→ REQUIREMENT
Return the lines of the listing below exactly as they appear, beginning at the one with "A cute oval" and stopping after the one with "Ängeln är skapad"; do not include pictures.

→ RECORDS
++++
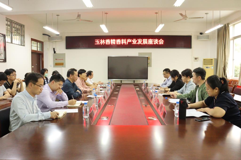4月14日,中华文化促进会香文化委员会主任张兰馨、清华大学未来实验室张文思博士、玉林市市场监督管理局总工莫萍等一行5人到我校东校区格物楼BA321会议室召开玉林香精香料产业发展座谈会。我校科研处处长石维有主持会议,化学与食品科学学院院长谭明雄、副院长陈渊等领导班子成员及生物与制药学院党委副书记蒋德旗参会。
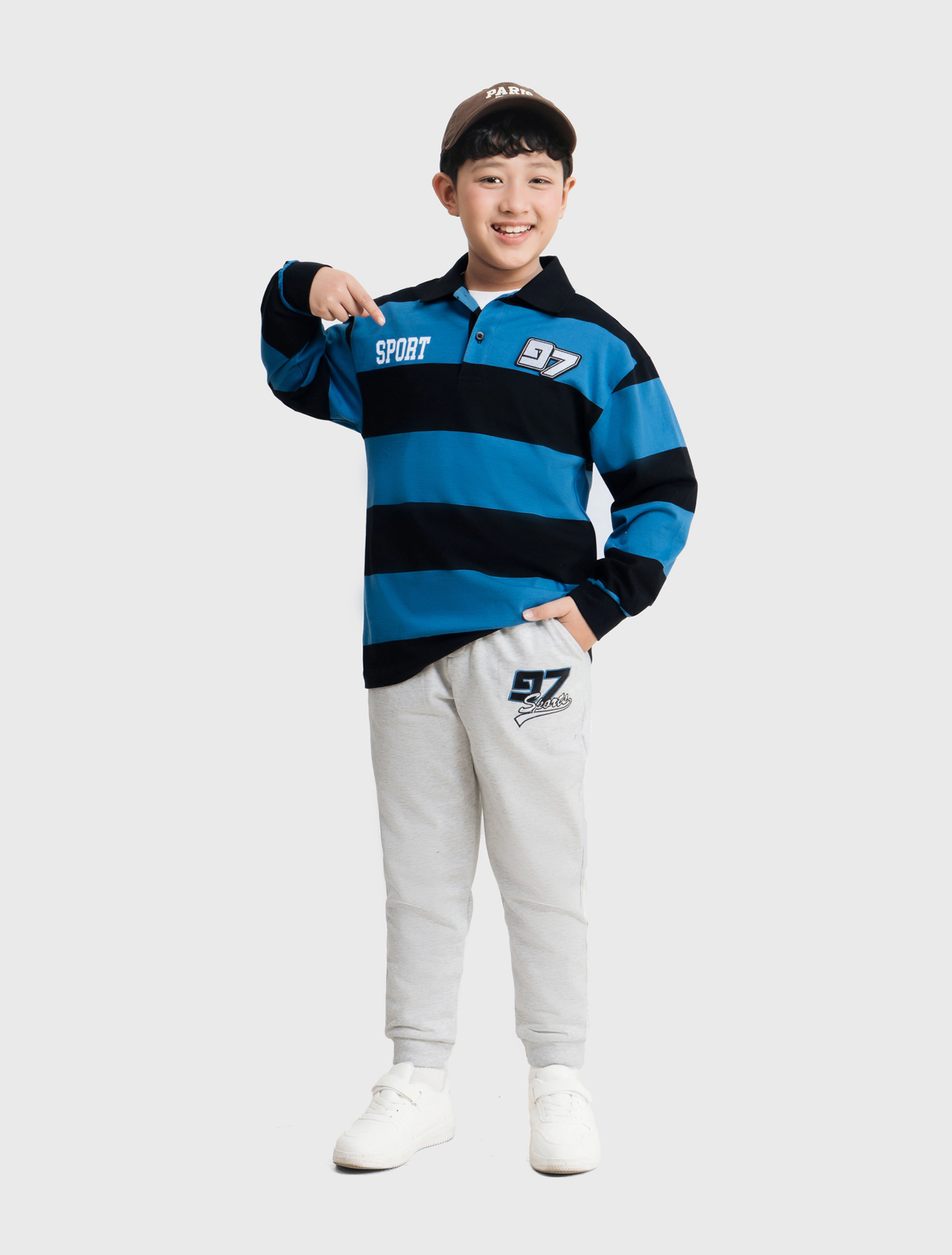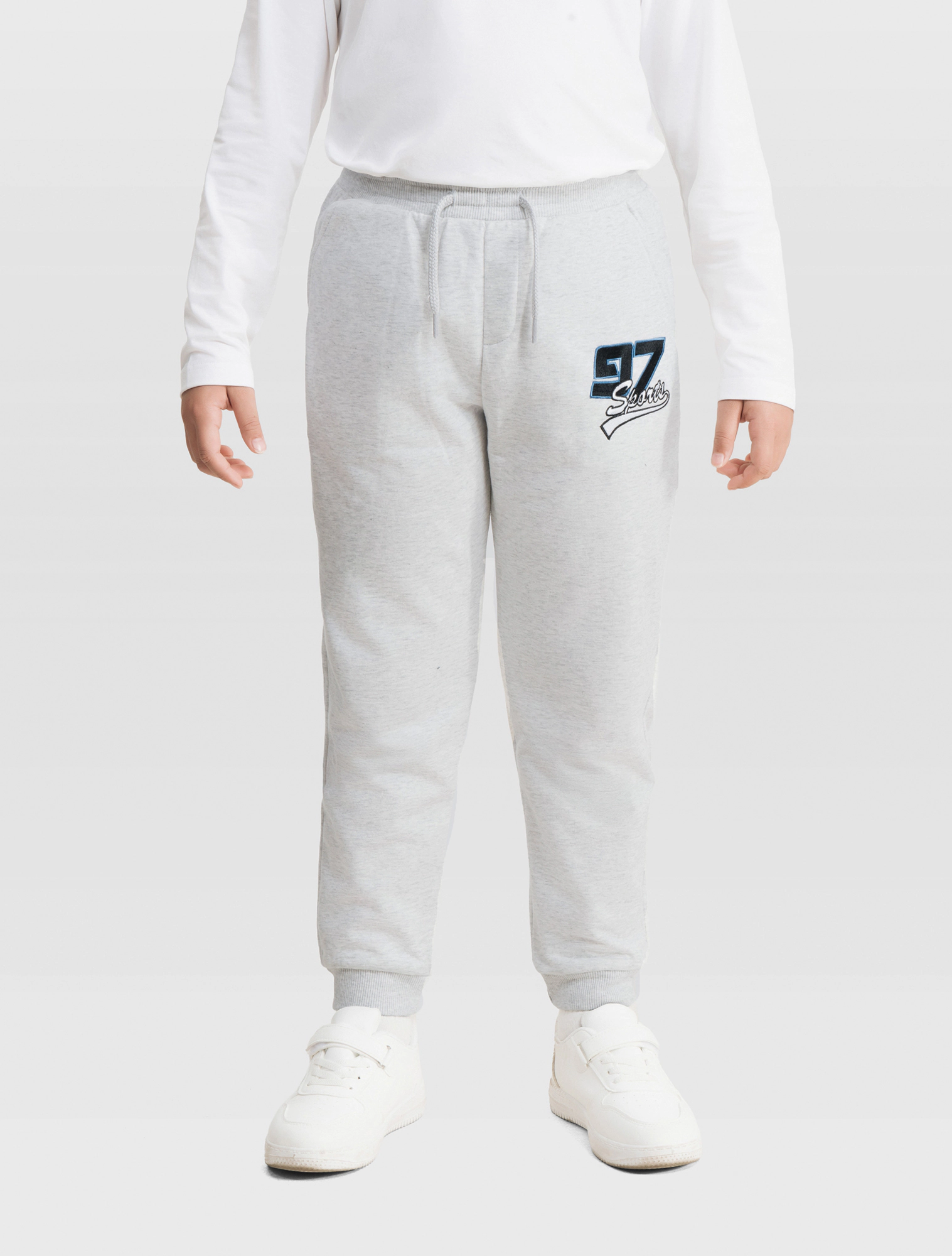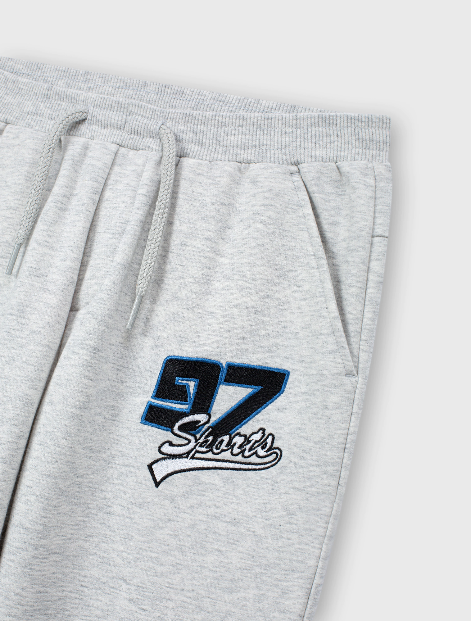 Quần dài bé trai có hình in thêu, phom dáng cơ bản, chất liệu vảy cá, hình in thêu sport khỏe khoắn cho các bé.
++++
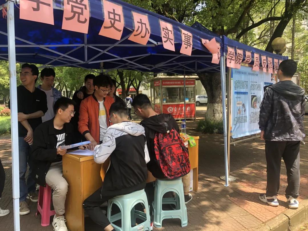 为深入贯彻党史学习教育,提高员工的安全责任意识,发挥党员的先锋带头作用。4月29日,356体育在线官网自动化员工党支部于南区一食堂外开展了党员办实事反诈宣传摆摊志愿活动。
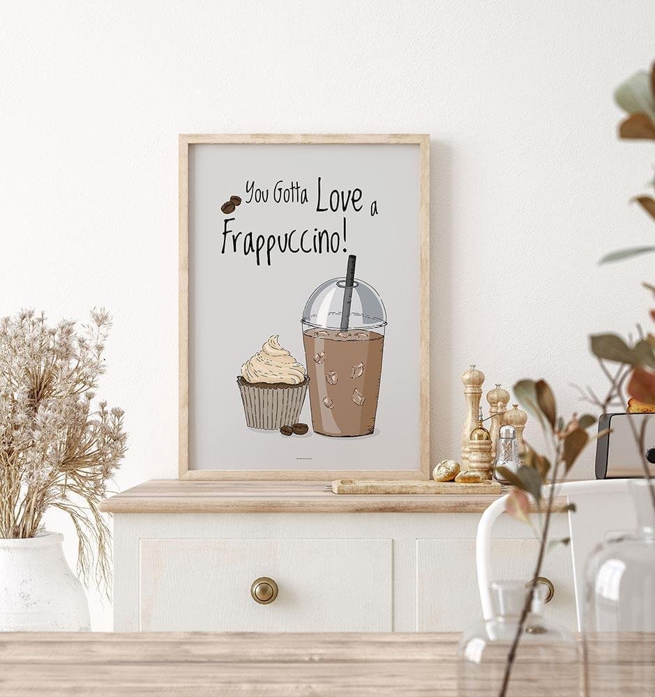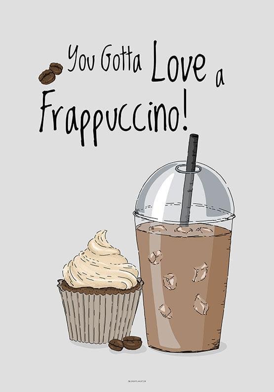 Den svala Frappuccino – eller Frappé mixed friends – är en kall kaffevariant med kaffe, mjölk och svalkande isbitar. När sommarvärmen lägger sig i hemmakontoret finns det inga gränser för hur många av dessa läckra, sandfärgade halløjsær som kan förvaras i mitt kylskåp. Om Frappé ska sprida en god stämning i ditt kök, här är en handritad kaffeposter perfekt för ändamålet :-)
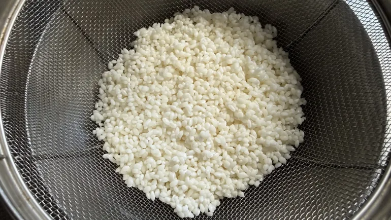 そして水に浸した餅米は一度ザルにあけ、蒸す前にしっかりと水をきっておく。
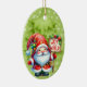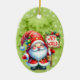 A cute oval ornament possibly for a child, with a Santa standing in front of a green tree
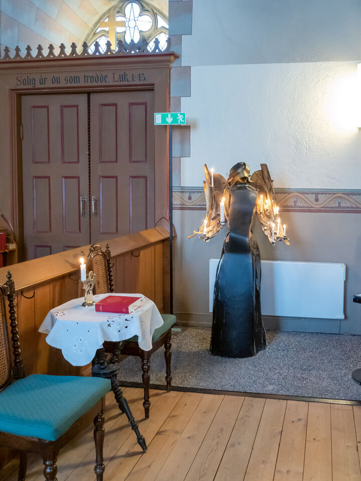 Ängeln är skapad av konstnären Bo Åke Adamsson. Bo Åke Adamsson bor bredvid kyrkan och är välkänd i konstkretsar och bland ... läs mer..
++++
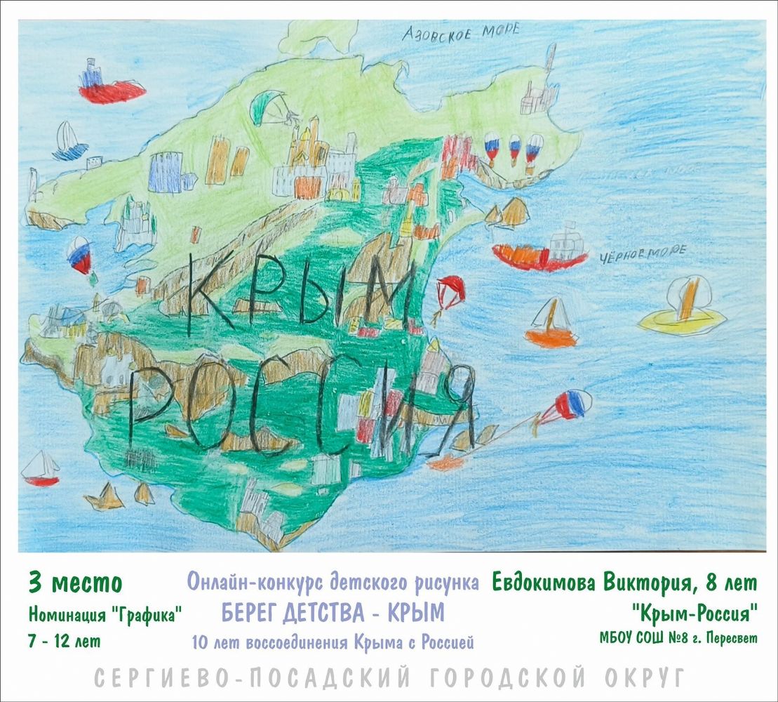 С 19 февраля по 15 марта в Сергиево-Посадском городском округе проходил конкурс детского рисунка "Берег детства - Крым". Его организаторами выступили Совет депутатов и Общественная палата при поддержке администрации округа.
++++
→ ANSWER TO THE EXERCISE
 A cute oval ornament possibly for a child, with a Santa standing in front of a green tree
 Ängeln är skapad av konstnären Bo Åke Adamsson. Bo Åke Adamsson bor bredvid kyrkan och är välkänd i konstkretsar och bland ... läs mer..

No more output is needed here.